How To Get Over Someone Who Broke Your Heart

“How to Get Over Someone Who Broke Your Heart” – including you.

This is one of the most important posts I’ve ever written. Not because I’m going to teach you how to get over someone who broke your heart with some obvious advice you’ve already heard and tried, but because it addresses something I’ve recently been through.

Something I’m still working my way through, through heartbreak, acceptance, and shame.

The only difference between now and years ago is that in the past I would have allowed my feelings associated with that experience to completely paralyze me.

The grip of that paralysis would remain until I was reduced to someone I had no choice but to hate, punish, sabotage, and disrespect.

Now, those feelings manifest in a completely different way.

That’s not to say I no longer feel the pain associated with it. I feel the pain on a deeper, more constructive level now. I’m no longer eager to put the avoidance bandage over my cancer of insecurity.

The pain hurts, but it doesn’t spread like it used to.

It’s not cancer anymore.
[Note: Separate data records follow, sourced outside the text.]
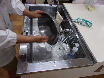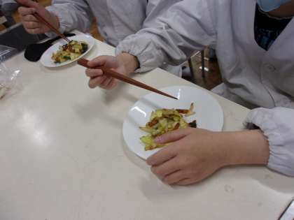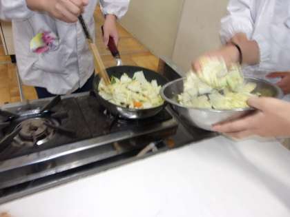切った野菜を炒めました。できた野菜炒めは、みんなでいただきました。片付けもしっかりと行うことができました。
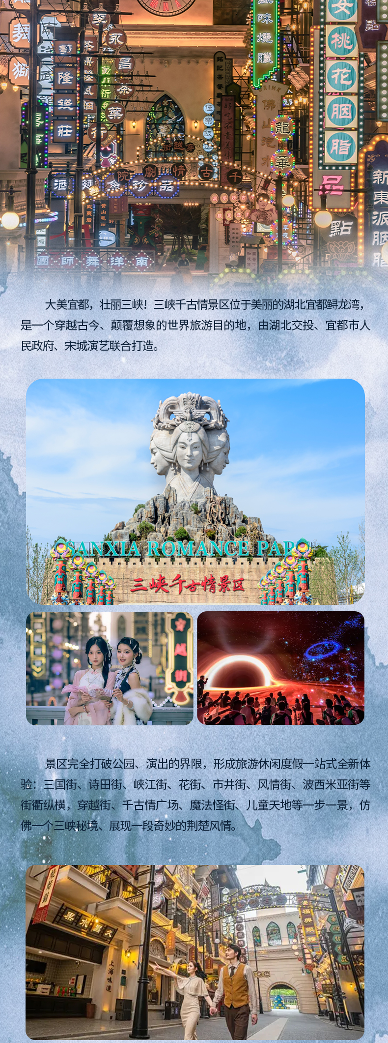 景区完全打破公园、演出的界限,形成旅游休闲度假一站式全新体验。三国街、诗田街、峡江街、花街、市井街、风情街、波西米亚街等街衢纵横穿越街、文化广场、魔法怪街、精灵谷等一步一景,仿佛走进三峡秘境,邂逅一段奇妙的荆楚风情。
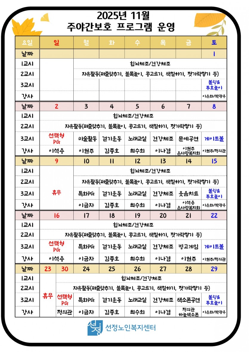 2025년 11월 주야간 프로그램 운영표 페이지 정보 작성자 최고관리자 댓글 0건 조회 90회 작성일 25-10-30 16:05 본문 * 2025년 11월 주야간 프로그램 운영표 입니다. 목록 이전글2025년 11월 치매전담실 프로그램 운영표 25.10.30 다음글2025년 11월 휴무일 안내 25.10.21
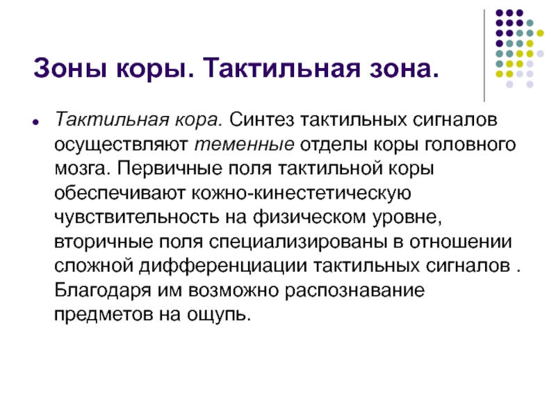 отделы коры головного мозга. Первичные поля тактильной коры обеспечивают кожно-кинестетическую
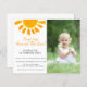 Está planejando uma primeira festa de aniversário de uma garota com temática solar? Este belo convite orçamentário é decorado com uma aquarela amarela, sol e tipografia de na moda. Facilmente personalizável com sua foto e detalhes. Original Watercolor © Michele Davies.
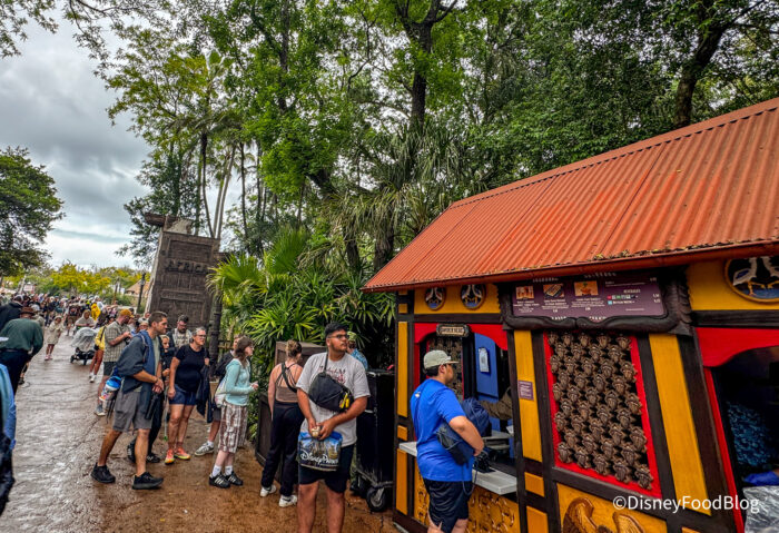 Even on a rainy day like yesterday, the Cookie Dough Brownie Ice Cream Sandwich still had a pretty long line! Just goes to show how good this thing is — people were even willing to wait in the rain for it! Every once in a while, a Disney snack comes along that’s totally worth the hype, and this one really is. Make sure you check it out on your next trip to Animal Kingdom! Unfortunately, it’s not available via Mobile Order, so you will have to wait in line for it. If you’re an ice cream fan, though, we think it’s worth it.

No longer does it claim a zip code and build a home for my fears to reside in and rule.

Today, I always make sure to feel my pain to the point where it drives me to action.

The action that comes from supporting you is the sole purpose of your pain.

So, I decided to take action in the best way I know how: right here, with all of you.

A few years ago, I waved the white flag to everything but the red and pink around me. I gave in to my fears and gave up on myself. I had no direction, no friends, no purpose at all.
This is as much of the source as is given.